Abstract:
Many real word product or process design problems involve multi response problems which have stochastic nature. This paper proposes a hybrid approach involved genetic algorithm and artificial neural network methodology to solve these problems. Usually, in these problems the relationship between responses and independent variables is indeterminate; therefore to generate required input data we are interested to use a method to approximate this relationship. Artificial Neural Network (ANN) is a methodology employed in this research to evaluate linear and nonlinear relationship between variables. We model the statistical multi response problem by three different multi objective decision making (MODM) techniques. Moreover, four different genetic algorithms are proposed in which four pairwise multiple comparisons statistical tests are used to control the random nature of the problem. Finally, the performance of the proposed methodology is demonstrated using a tow way analysis of variance (ANOVA) for a numerical example and the results are compared statistically..
Machine summary:
"Objective function evaluation After producing the new chromosomes by crossover and mutation operators and approximating the responses using suitable artificial neural network, we evaluate each chromosome by fitness functions described in section 3 and use the result to reproduce a new generation.

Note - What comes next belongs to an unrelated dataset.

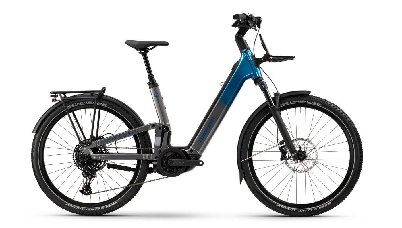 Federleicht durch jeden Tag. Das Winora Sinus FS X12 nimmt dieses Motto wörtlich. Dank seinem Fully-Setup mit Rahmenfederung bietet unser neues Komfort E-Bike maximale Leichtigkeit auf all deinen Touren. Die vom MTB-Bereich inspirierte Dämpfung ist dabei bei weitem nicht das einzige Feature, das höchsten Fahrgenuss verspricht: Die aktuellste Generation des Bosch Performance CX Antriebs mitsamt 800 Wh Batterie verwandelt auch steile Berge in Flachlandstrecken, während die absenkbare Sattelstütze und der tiefe Einstieg das Auf- und Absteigen im Stadtverkehr spürbar erleichtern. Volle Alltagstauglichkeit genießt du dank der Klickfix-Halterung mit Frontgepäckträger sowie dem Gepäckträger am hinteren Rahmendreieck. Typisch Winora verfügt das Rad zudem über ein zulässiges Gesamtgewicht von 150 kg – und trägt damit auch schwere Lasten. Die wirst du beim Pedalieren übrigens nicht spüren. Denn das Fahren ist mit diesem E-Bike federleicht.

Table (1) is here After statistical normalization of the observation, the architecture of the neural network for each response is determined to generate the required input data based on the number of hidden layers, activation function and the number of neurons in each layer.
First in terms of four test procedures and three modeling method used in this research, using MATLAB computer software, the algorithms run 30 times, each time changing its parameters in their corresponding ranges and obtained the responses values for each algorithm.
7. Conclusions In processes with stochastic nature and data sets showing nonlinear and complex relationships between control and response variables and complicated optimization models, to overcome the limitation and weakness of the methods which are used before in this cases, in this paper a new approach based on a neural network, three modeling techniques, and four different genetic algorithms was proposed to solve multiple response statistical optimization problems.
The neural network approach generated the required input data and the MODM techniques modeled the problem and the four different structures of genetic algorithm optimized the model to find the levels of the control factors.
Employing Artificial Neural Network into Achieving Parameter Optimization of Multi Response Problem with Different Importance Degree Consideration."